UNITED STATES

SECURITIES AND EXCHANGE COMMISSION

Washington, D.C. 20549

 

FORM 8-K

CURRENT REPORT

Pursuant to Section 13 or 15(d) of The Securities Exchange Act of 1934

 

Date of Report (Date of earliest event reported): February 28, 2023

 

APPSOFT TECHNOLOGIES, INC.

(Exact name of registrant as specified in its charter)

 

Nevada

 

333-206764

 

47-3427919

(State or other jurisdiction

of incorporation)

 

(Commission

File Number)

 

(IRS Employer

Identification No.)

 

1225 Franklin Avenue, Suite 325, Garden City, NY

 

11530

(Address of principal executive offices)

 

(Zip Code)

 

Registrant’s telephone number, including area code: (516) 224-7717

 

__________________________________________________ 

 (Former name or former address, if changed since last report.)

 

Check the appropriate box below if the Form 8-K filing is intended to simultaneously satisfy the filing obligation of the registrant under any of the following provisions:

 

Written communications pursuant to Rule 425 under the Securities Act (17 CFR 230.425).

Soliciting material pursuant to Rule 14a-12 under the Exchange Act (17 CFR 240.14a-12).

Pre-commencement communications pursuant to Rule 14d-2(b) under the Exchange Act (17 CFR 240.14d-2(b)).
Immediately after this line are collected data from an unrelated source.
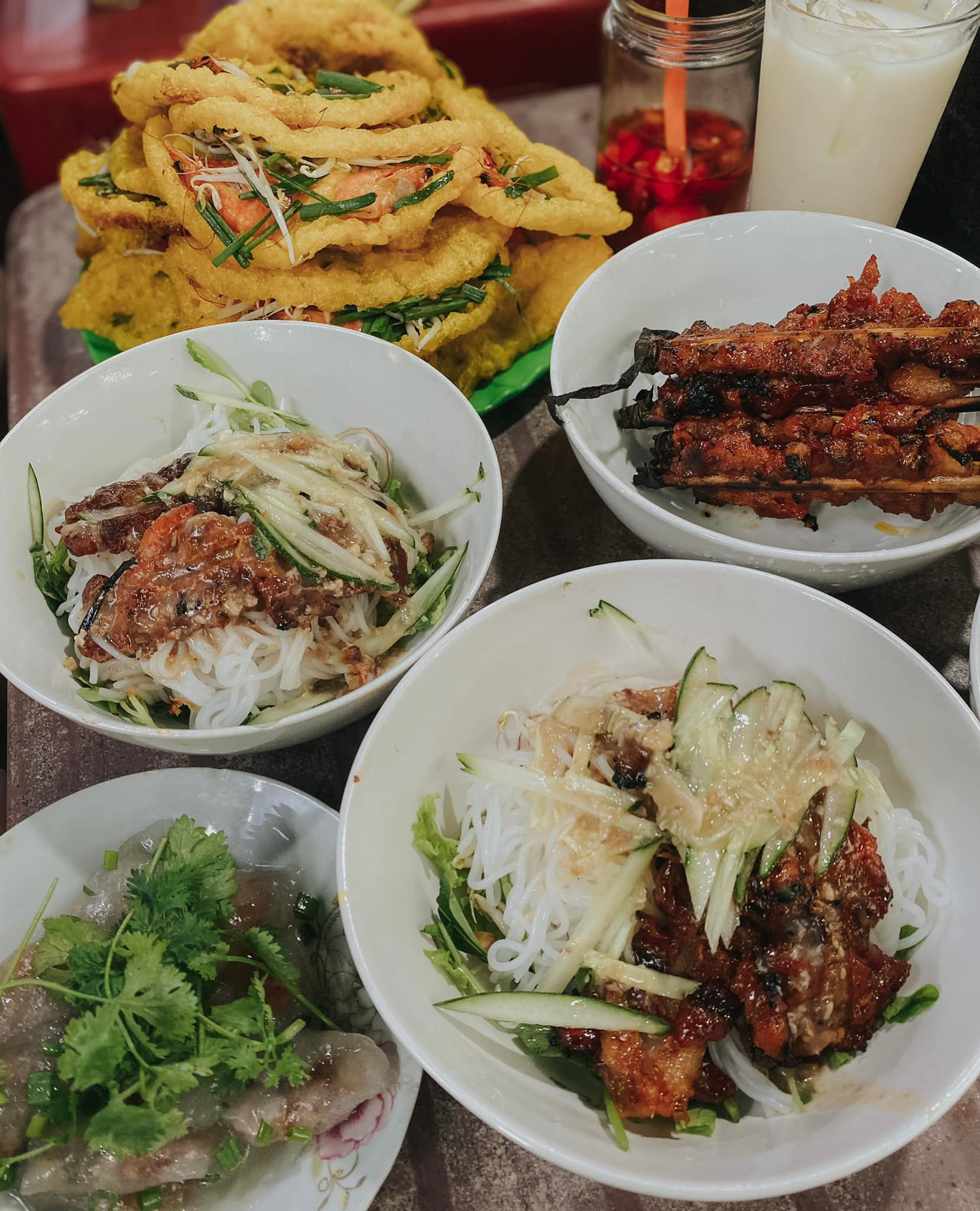 Bánh bèo mềm mịn, ăn kèm tóp mỡ giòn rụm, hành phi thơm nức và chấm mắm ớt xanh tại quán Hạnh, đường Phó Đức Chính (Phú Hội, TP Huế). Quán nằm ngay trung tâm thành phố, vị trí rất dễ tìm. Tại đây có nhiều món ăn truyền thống của Huế như bánh bèo, bột lọc, nem lụi...Theo chia sẻ của Hằng, cả nhóm 4 thành viên thưởng thức nhiều món khác nhau tại quán này nhưng chi phí chưa tới 500.000 đồngBánh đa xúc hến vừa miệng ở cổng chợ Đông Ba. Các quán ở khu vực này có mức giá khá rẻ. Bún hến, cơm hến chỉ khoảng 15.000 đồng/tô Xung quanh khu chợ Đông Ba có nhiều món ngon, du khách đến đây có thể nhờ người dân "chỉ điểm". "Mình không nhớ hết tên các quán quanh chợ nhưng mình rất ấn tượng với hương vị thịt nướng tại đây, đậm đà, thơm nức và miếng thịt vô cùng mềm", Hằng chia sẻ. Ở đây mỗi xiên thịt nướng có giá chỉ 10.000 đồng.Tại chợ cũng có nhiều hàng mực rim me, tôm chua, cá bò... Tuy nhiên du khách nên tìm hiểu trước về giá thành trước khi tới mua.Tô bún hến "nhỏ nhưng có võ". Món ăn đường phố quen thuộc tại Huế làm từ những gia vị quen thuộc như hến, lạc rang, tóp mỡ, giá đỗ, rau thơm nhưng lại mang tới hương vị hấp dẫn khác lạ với du khách.Ngày thứ hai ở Huế, Hằng thưởng thức bún bò tại địa chỉ được chủ homestay giới thiệu - quán O Tuyết trên đường Nguyễn Công Trứ. "Tô bún ở đây rất đầy đặn, nhiều thịt lắm. Quầy thịt tươi nằm ngay nơi chế biến, khách gọi tới đâu, nhân viên thái tới đó. Sợi bún nhỏ, nước dùng ngon, ăn với ớt xanh rất thơm", Hằng chia sẻVới bánh canh, Hằng rất thích hương vị tại quán O Bướm và một quán trên đường Phạm Hồng Thái.Quán O Lé (Kim Long, Huế) tuy hơi khó tìm vì nằm trong ngõ sâu nhưng có không gian nhà vườn yên bình, chủ quán thân thiện. Ở đây có nhiều món Huế rất ngon như ram ít, bột lọc, bánh nậm, bánh bèo... Bánh có bột béo ngậy mịn màng, nhân tôm thịt được nêm nếm vị vừa ăn cùng nước chấm đậm đà. Giá thành các món ăn ở đây đều khá rẻ, từ 20.000 - 40.000 đồng/phần.
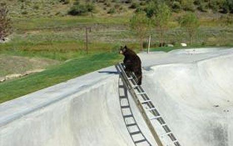 美国一黑熊被困滑板场地 自己爬梯子逃出(组图)(3)
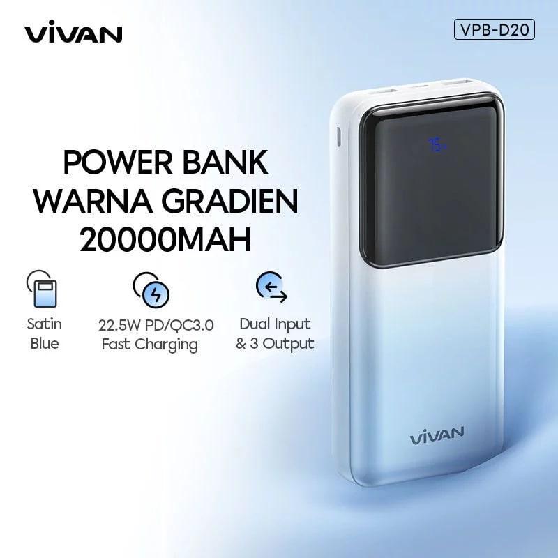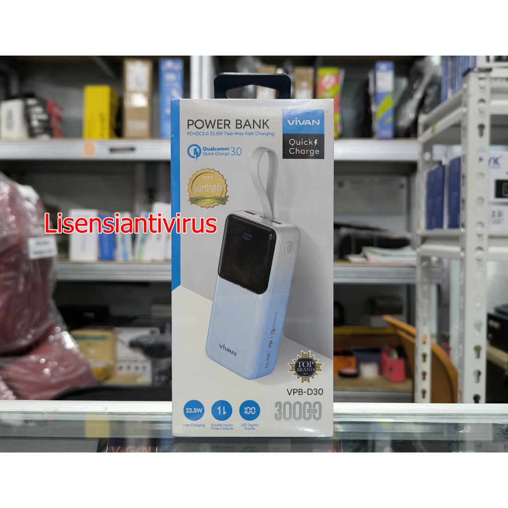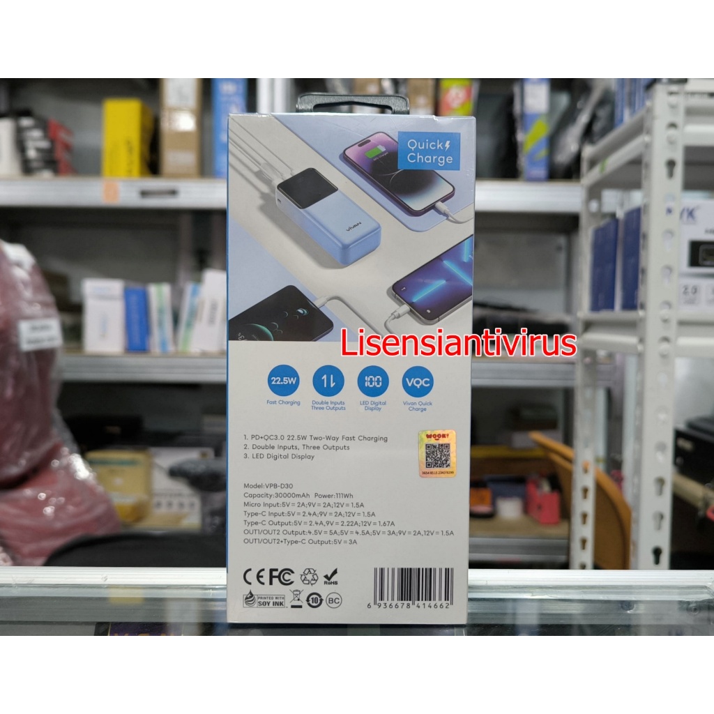VIVAN Powerbank VPB-D30 30000mAh Fast Charging QC 3.0 PD 20W 2 Input & 3 Output Led Indikator
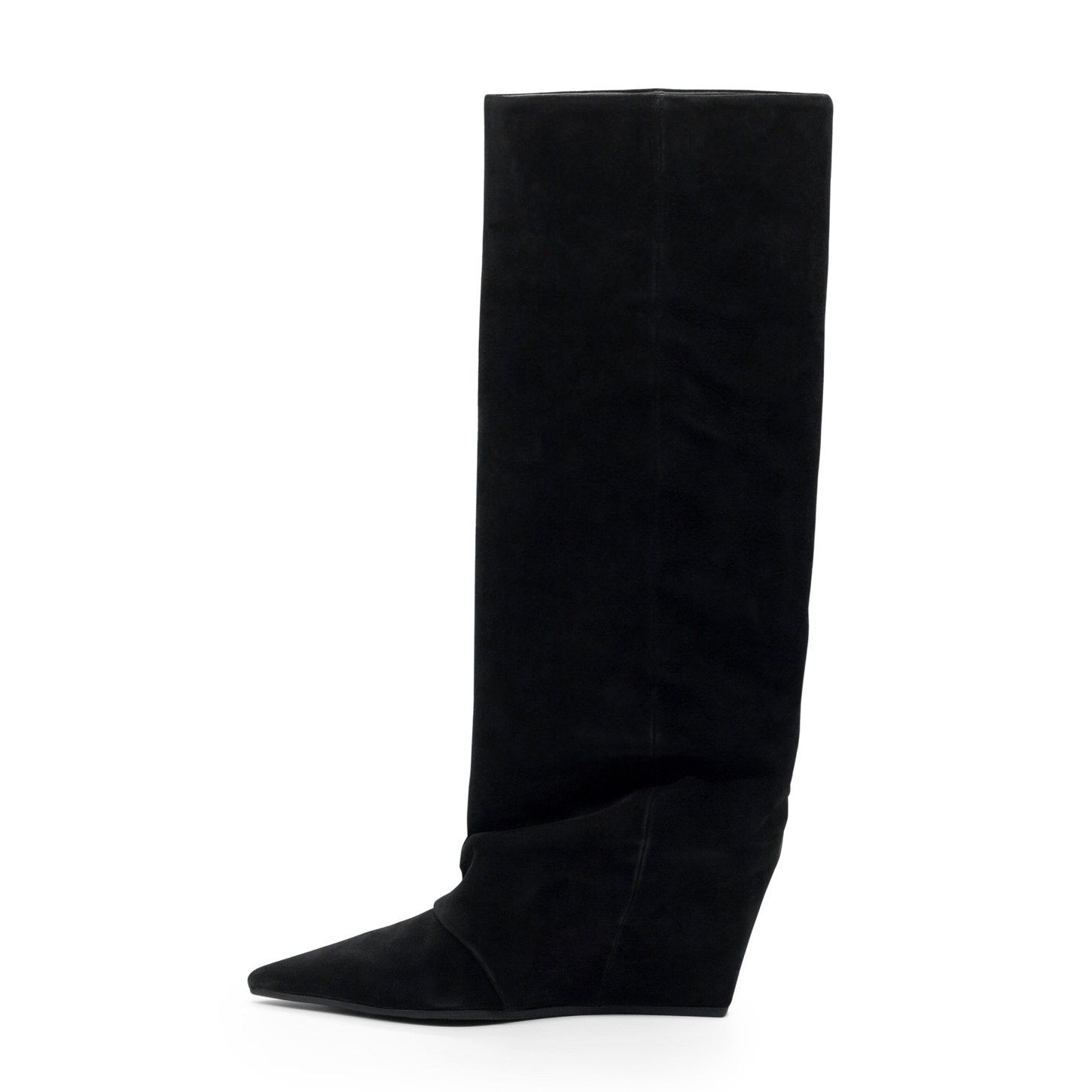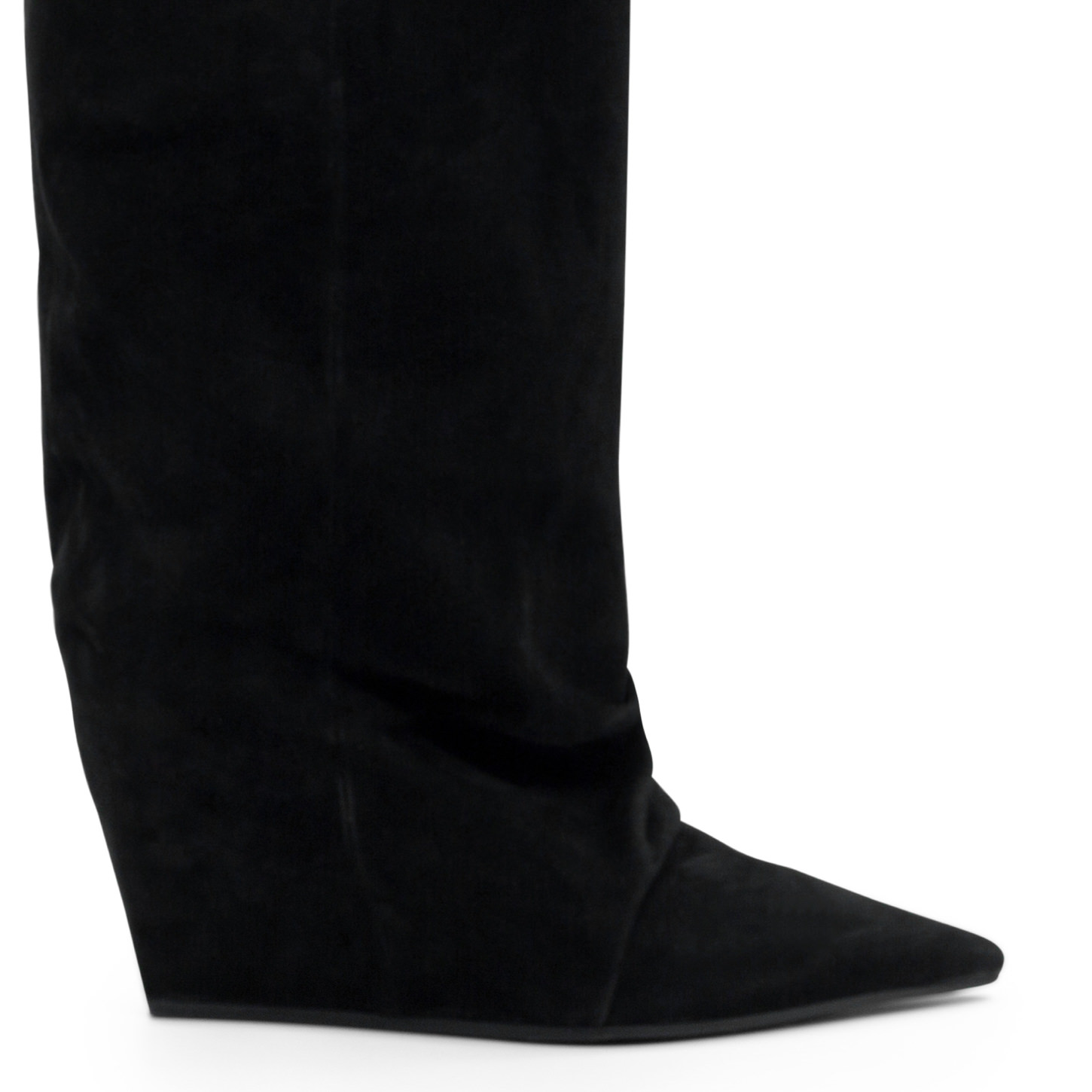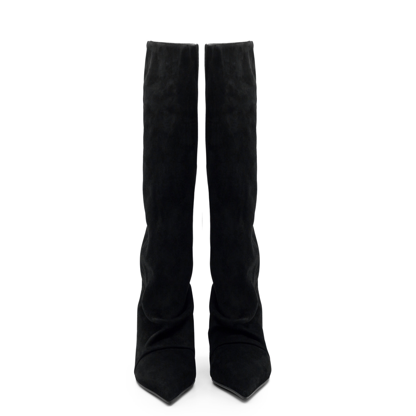 Cocoon minimal black tubular boots, crafted from soft suede, with front pleats. This model features a leather-covered platform, tapered tip, and non-slip rubber sole. Made in Italy.
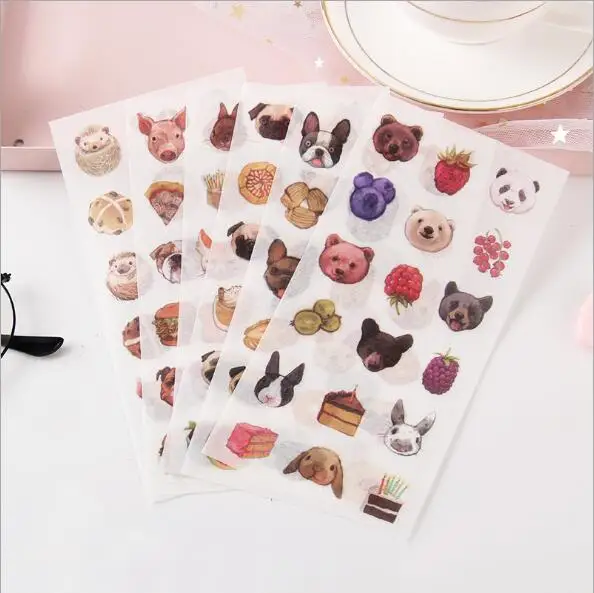 6 листов милый Животные цветочный наклейки журнал Декоративные Канц...

Pre-commencement communications pursuant to Rule 13e-4(c) under the Exchange Act (17 CFR 240.13e-4(c)).

 

 

 

 

Item 4.01 Changes in Registrant’s Certifying Accountant

 

On February 28, 2023, we dismissed BF Borgers CPA PC (“Borgers”) as our independent registered public accounting firm. The decision to dismiss Borgers was approved by our board of directors on February 28, 2023.

 

During Borgers’ engagement period: (i) there were no disagreements between Borgers and us on any matter of accounting principles or practices, financial statement disclosure or auditing scope or procedure which, if not resolved to the satisfaction of Borgers would have caused Borgers to make reference to the matter in a report on our financial statements; and (ii) there were no reportable events as the term described in Item 304(a)(1)(v) of Regulation S-K.

 

We have requested Borgers to furnish a letter addressed to the Securities and Exchange Commission stating whether it agrees with the statements made above by the Registrant.

 

On February 28, 2023, we engaged Michael Gillespie & Associates, PLLC (“MGA”) to serve as our independent registered public accounting firm for the year ending March 31, 2023. Since our inception, we have not consulted with MGA regarding the application of accounting principles to a specific completed or contemplated transaction, or the type of audit opinion that might be rendered on our financial statements. The decision to engage MGA was approved by our board of directors on February 28, 2023.

 

Item 9.01 Financial Statements and Exhibits

 

(d) Exhibits.

 

The following exhibits are filed with this Current Report on Form 8-K:

 

104 

 

Cover Page Interactive Data (embedded within the Inline XBRL document)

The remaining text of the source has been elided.